- _PROBLEM DETAILS_: Return the stretch from the line with "Fig.5:Agarose gel of" through the line with "Zestaw kreatywny z" in the data below, character for character, skipping all pictures.

- _RECORDS PROVIDED_:
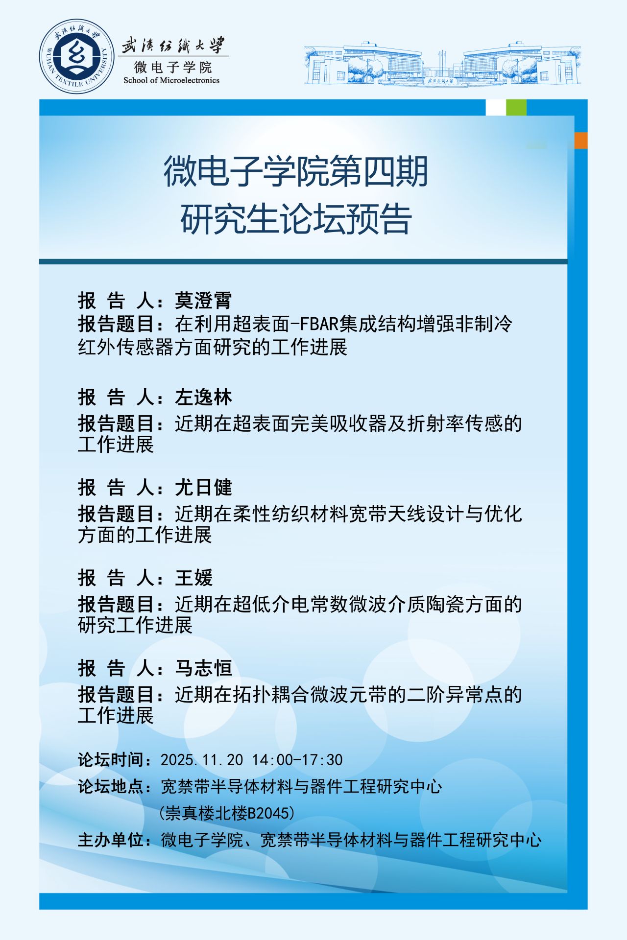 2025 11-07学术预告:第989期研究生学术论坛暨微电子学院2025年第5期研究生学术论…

==

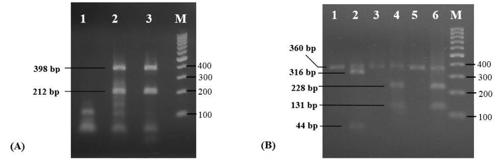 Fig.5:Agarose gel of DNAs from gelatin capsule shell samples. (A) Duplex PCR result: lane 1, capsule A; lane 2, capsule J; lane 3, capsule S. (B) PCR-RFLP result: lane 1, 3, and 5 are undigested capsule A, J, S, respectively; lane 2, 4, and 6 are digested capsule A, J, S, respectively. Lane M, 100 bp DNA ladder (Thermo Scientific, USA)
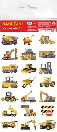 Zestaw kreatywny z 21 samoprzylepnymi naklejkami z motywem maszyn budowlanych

==

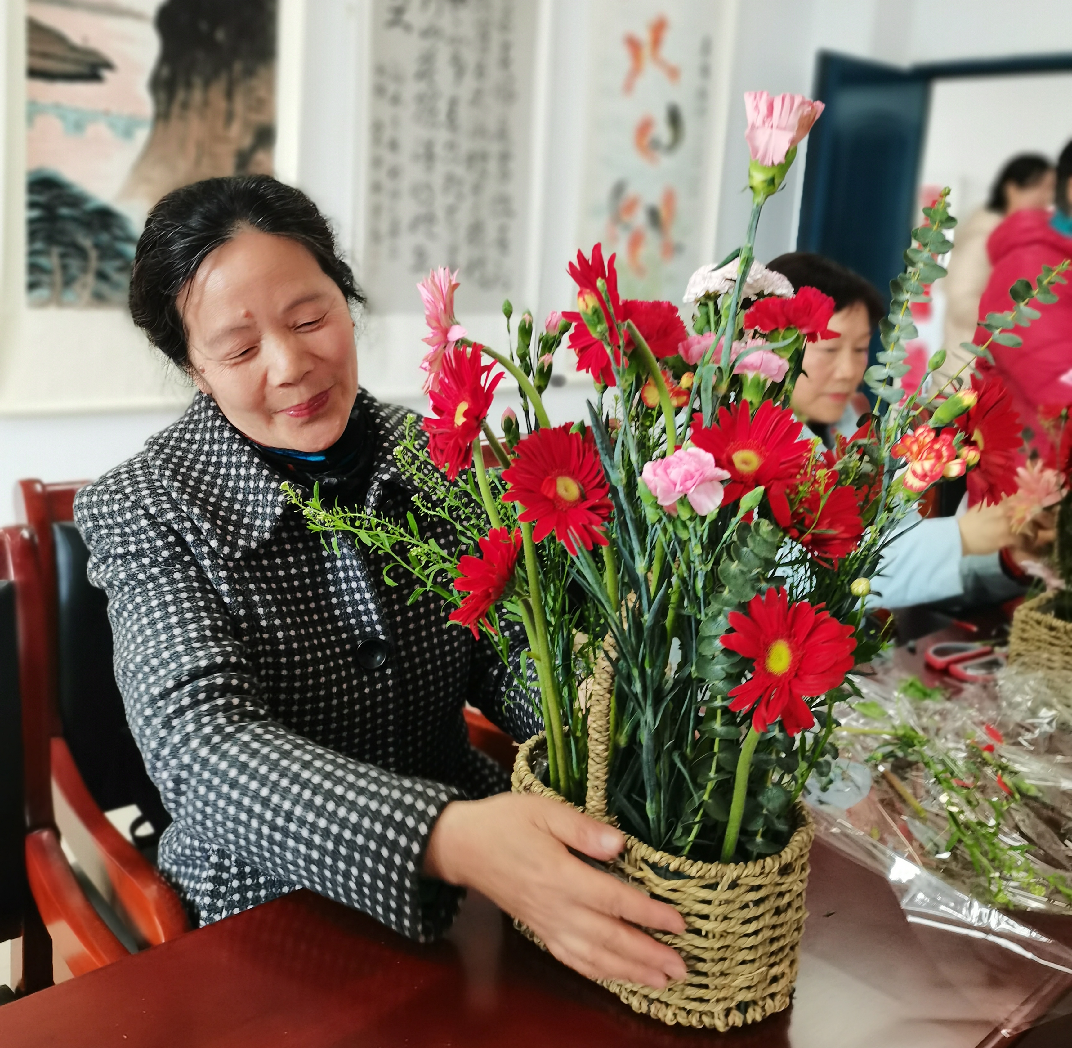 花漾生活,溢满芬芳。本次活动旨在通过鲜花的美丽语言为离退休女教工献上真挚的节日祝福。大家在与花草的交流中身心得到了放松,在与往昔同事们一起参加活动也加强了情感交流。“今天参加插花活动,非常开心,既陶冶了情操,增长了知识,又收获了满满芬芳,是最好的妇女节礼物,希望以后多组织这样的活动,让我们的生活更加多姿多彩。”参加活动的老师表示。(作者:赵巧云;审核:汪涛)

- _OUTPUT OF THE TASK_:
 Fig.5:Agarose gel of DNAs from gelatin capsule shell samples. (A) Duplex PCR result: lane 1, capsule A; lane 2, capsule J; lane 3, capsule S. (B) PCR-RFLP result: lane 1, 3, and 5 are undigested capsule A, J, S, respectively; lane 2, 4, and 6 are digested capsule A, J, S, respectively. Lane M, 100 bp DNA ladder (Thermo Scientific, USA)
 Zestaw kreatywny z 21 samoprzylepnymi naklejkami z motywem maszyn budowlanych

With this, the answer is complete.